> _EXERCISE DETAILS_
Without the pictures, copy all the entries below exactly.

##### TASK INPUTS

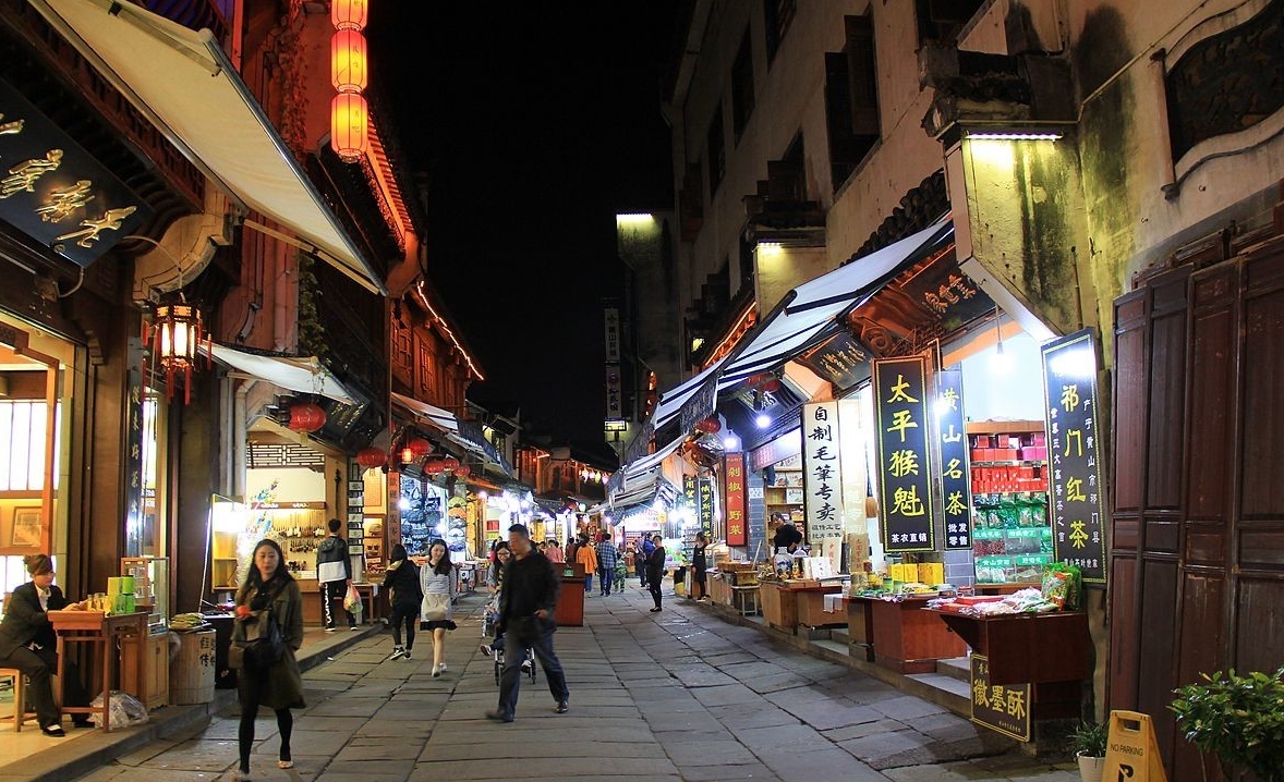 屯溪老街: 屯溪老街座落在安徽省黄山市屯溪区中心地段,北面依山,南面傍水,全长1272米,精华部分853米,宽5至8米。包括1条直街、3条横街和18条小巷,由不同年代建成的300余幢徽派建筑构成的整个街巷,呈鱼骨架形分布,西部狭窄、东部较宽。
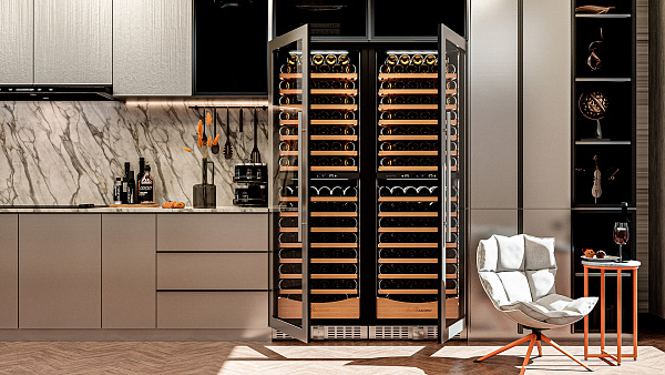 Две температурные зоны для хранения вин и подготовки их к подаче;
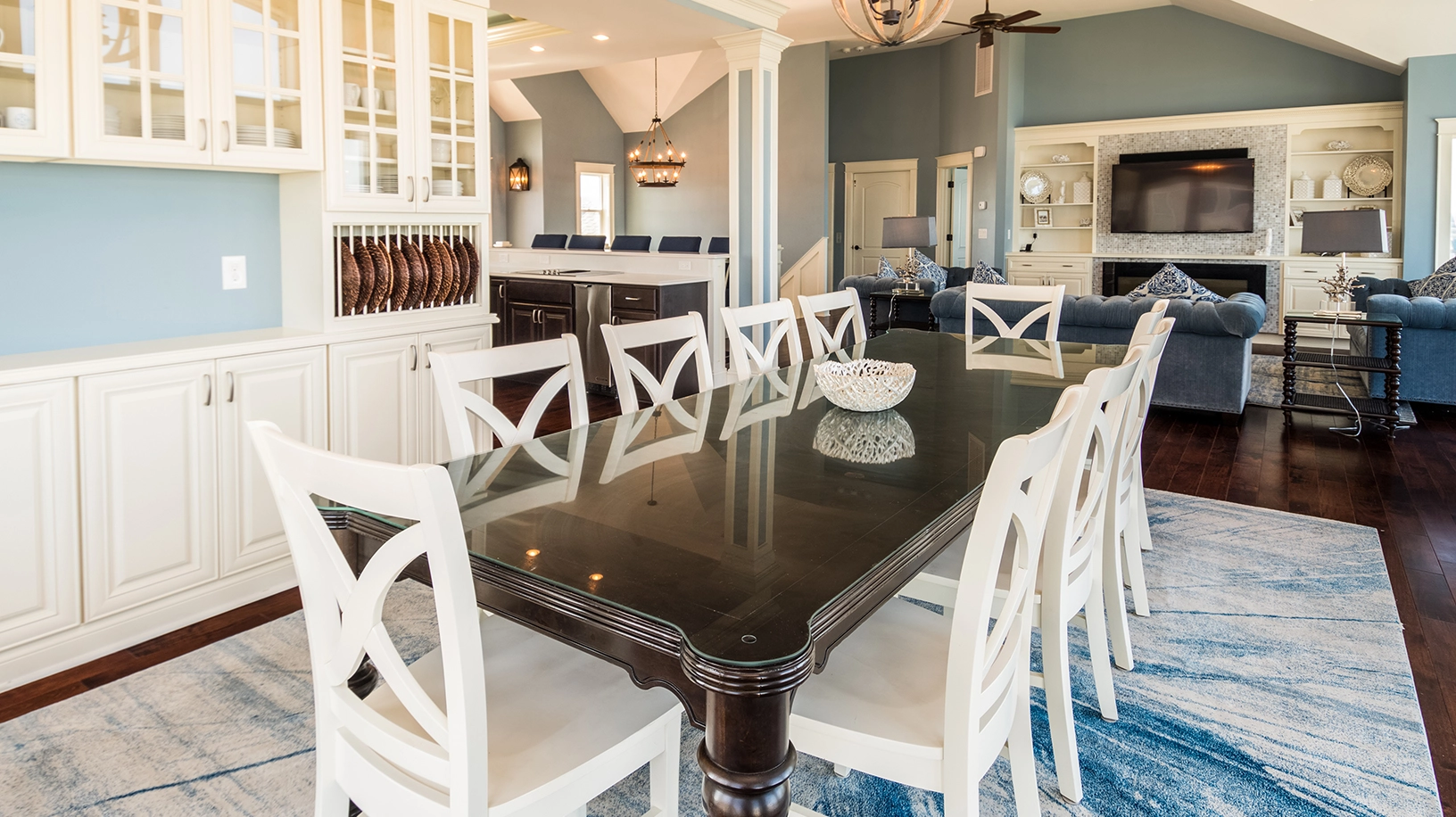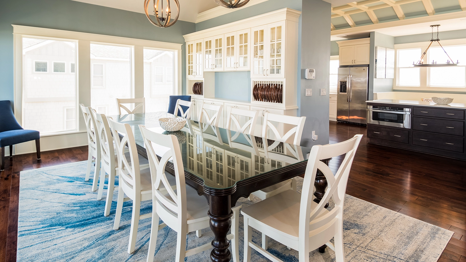 Great room; kitchen with two refrigerators, two cooktops, two dishwashers and three ovens; dining area; laundry.
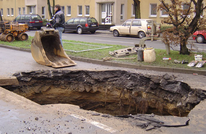 Hohlraumbildung durch undichte Abwasserleitungen
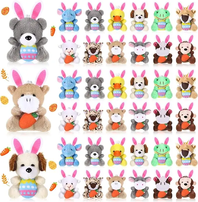 36 Pcs Easter Mini Stuffed Animal Easter Basket Stuffer Easter Party Favors Tiny Plushies Doll for Classroom Exchange Gift Party Festival Decor
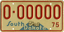 REFERENCE NUMBER: SD-1975FIRST YEAR OF ISSUE: 1975 PLATE TYPE: GENERAL ISSUE BASE MATERIAL: STEEL REFLECTORIZATION: PARTIAL - BACKGROUND ONLY VALIDATION: NO DECALS USED ON PLATE NOTES: RED SERIAL ON REFLECTIVE GRAPHIC BASE
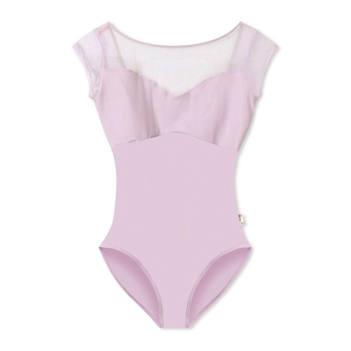 A sleeveless leotard with a V-cut neck that makes the line from the neck to the décolleté look long and beautiful.
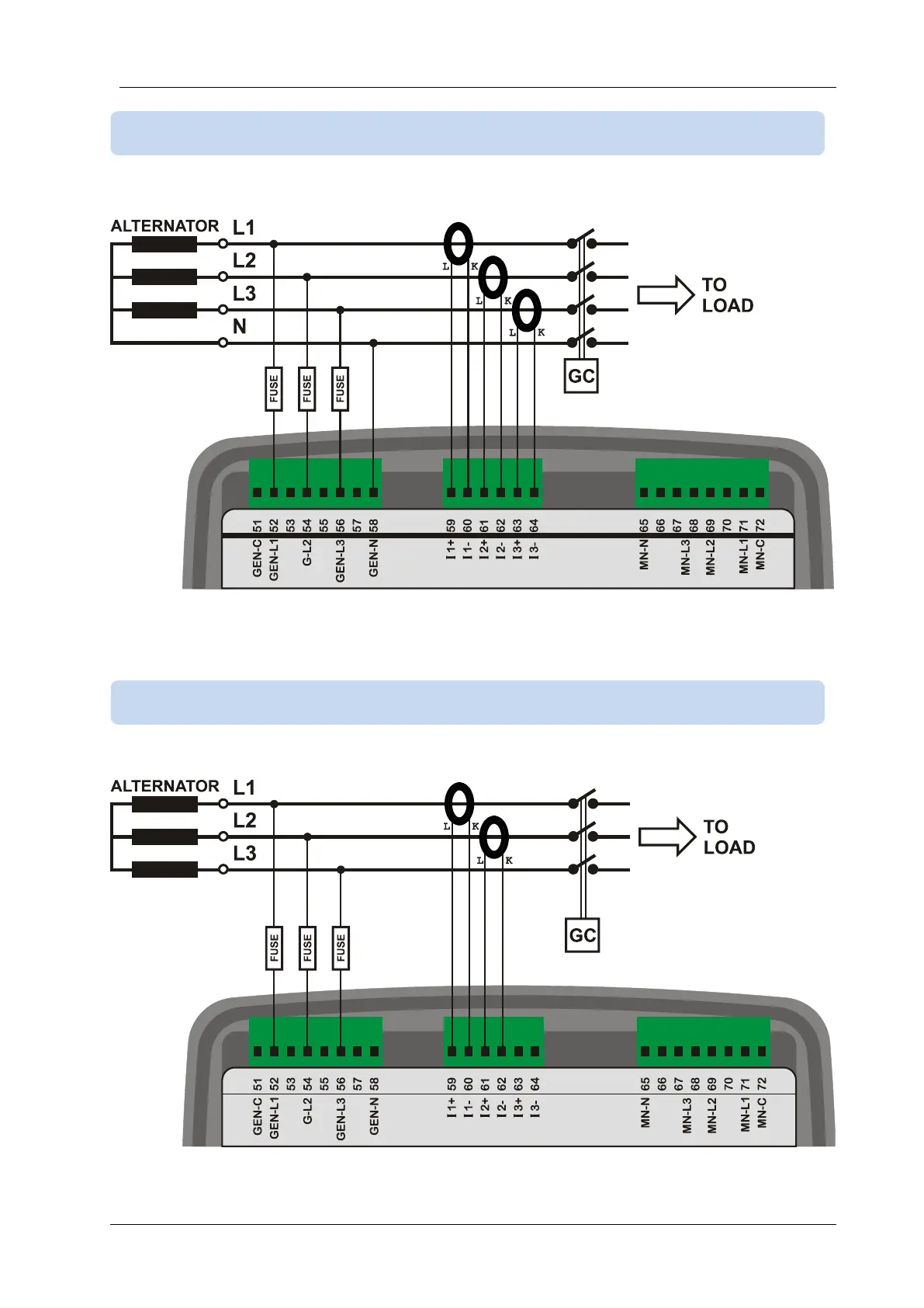 Datakom D-500 - Phase, 4 Wire, Delta; Phase, 3 Wire, Delta, 2 Ct (L1-L2)
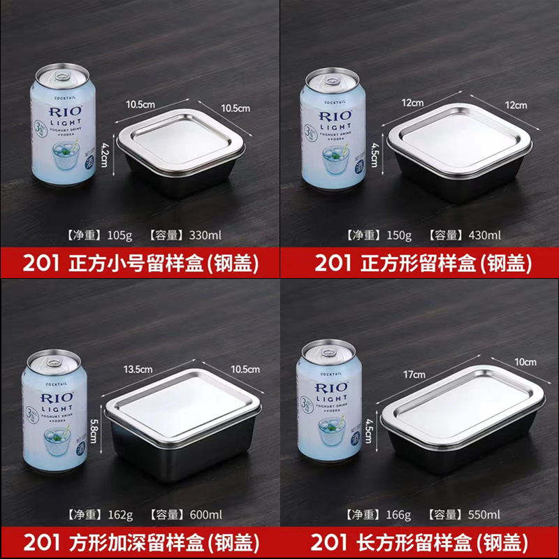 304不锈钢留样盒幼儿园学校食品留样碗厨房留样瓶带盖长方形盒子
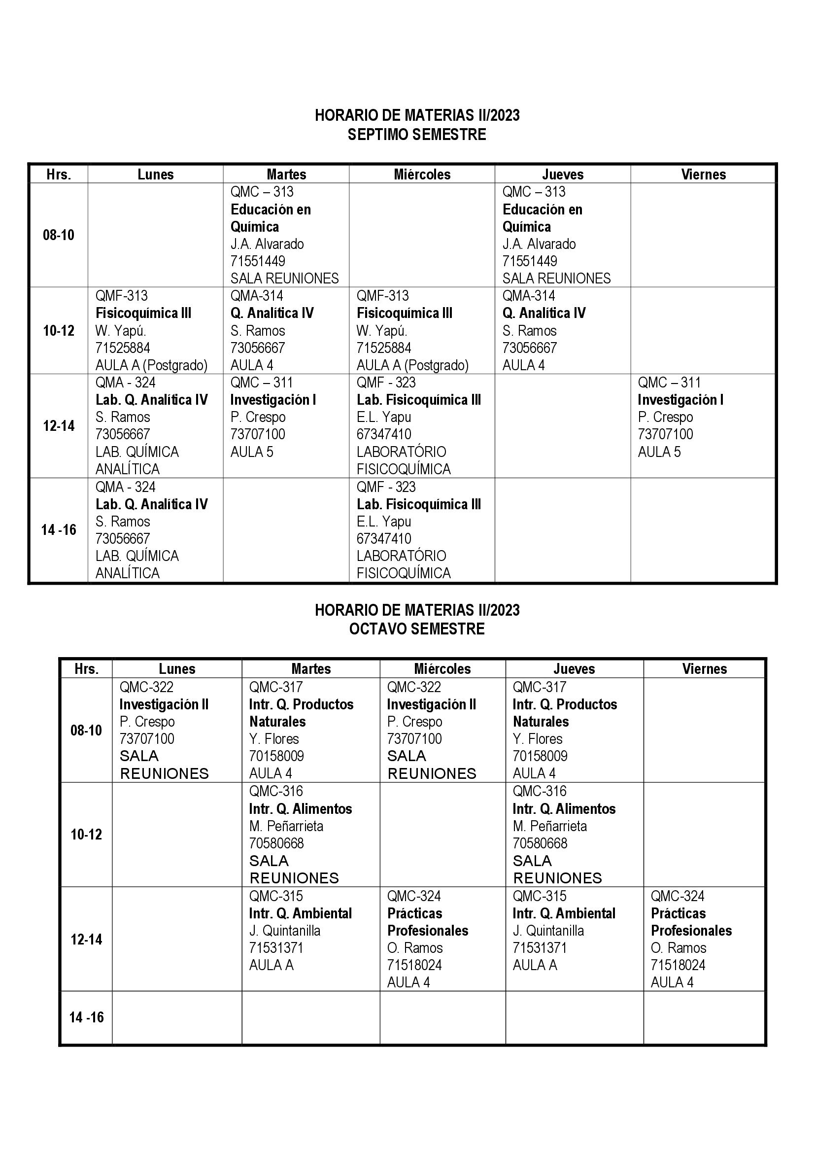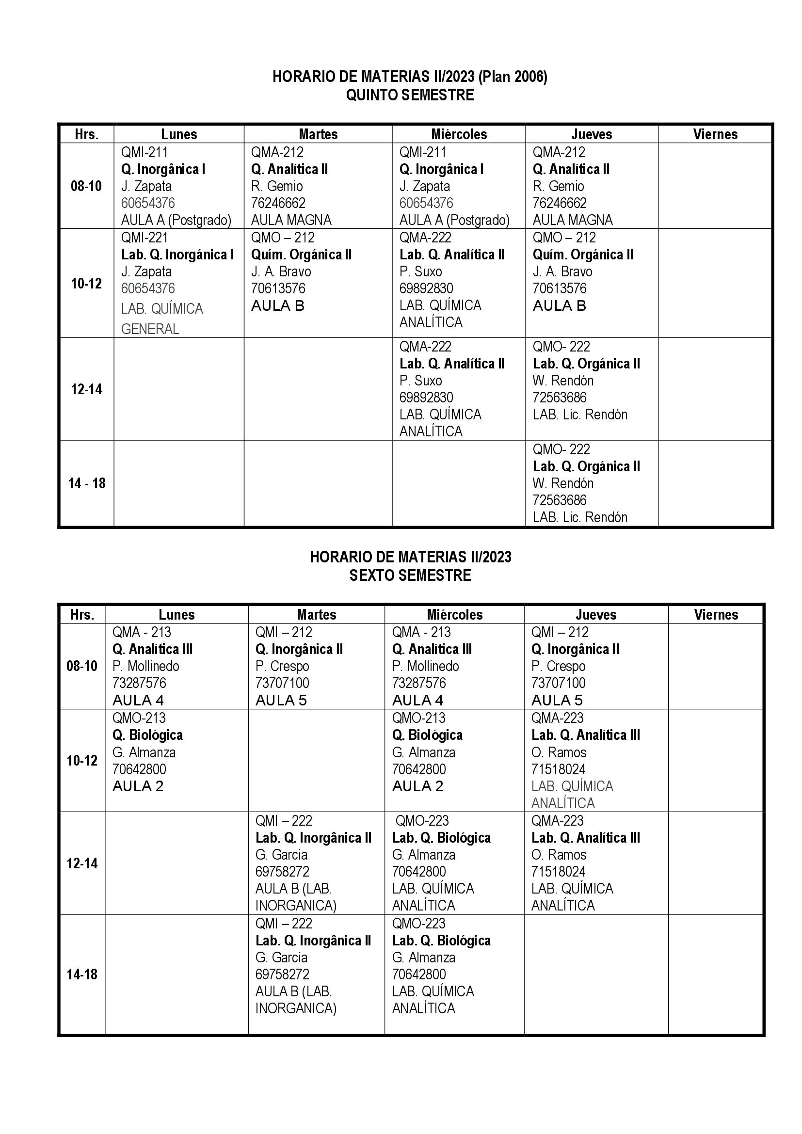 Calendario Académico (Plan 2003) - CARRERA DE CIENCIAS QUÍMICAS

##########

> _ANSWER_
 屯溪老街: 屯溪老街座落在安徽省黄山市屯溪区中心地段,北面依山,南面傍水,全长1272米,精华部分853米,宽5至8米。包括1条直街、3条横街和18条小巷,由不同年代建成的300余幢徽派建筑构成的整个街巷,呈鱼骨架形分布,西部狭窄、东部较宽。
 Две температурные зоны для хранения вин и подготовки их к подаче;
 Great room; kitchen with two refrigerators, two cooktops, two dishwashers and three ovens; dining area; laundry.
 Hohlraumbildung durch undichte Abwasserleitungen
 36 Pcs Easter Mini Stuffed Animal Easter Basket Stuffer Easter Party Favors Tiny Plushies Doll for Classroom Exchange Gift Party Festival Decor
 REFERENCE NUMBER: SD-1975FIRST YEAR OF ISSUE: 1975 PLATE TYPE: GENERAL ISSUE BASE MATERIAL: STEEL REFLECTORIZATION: PARTIAL - BACKGROUND ONLY VALIDATION: NO DECALS USED ON PLATE NOTES: RED SERIAL ON REFLECTIVE GRAPHIC BASE
 A sleeveless leotard with a V-cut neck that makes the line from the neck to the décolleté look long and beautiful.
 Datakom D-500 - Phase, 4 Wire, Delta; Phase, 3 Wire, Delta, 2 Ct (L1-L2)
 304不锈钢留样盒幼儿园学校食品留样碗厨房留样瓶带盖长方形盒子
 Calendario Académico (Plan 2003) - CARRERA DE CIENCIAS QUÍMICAS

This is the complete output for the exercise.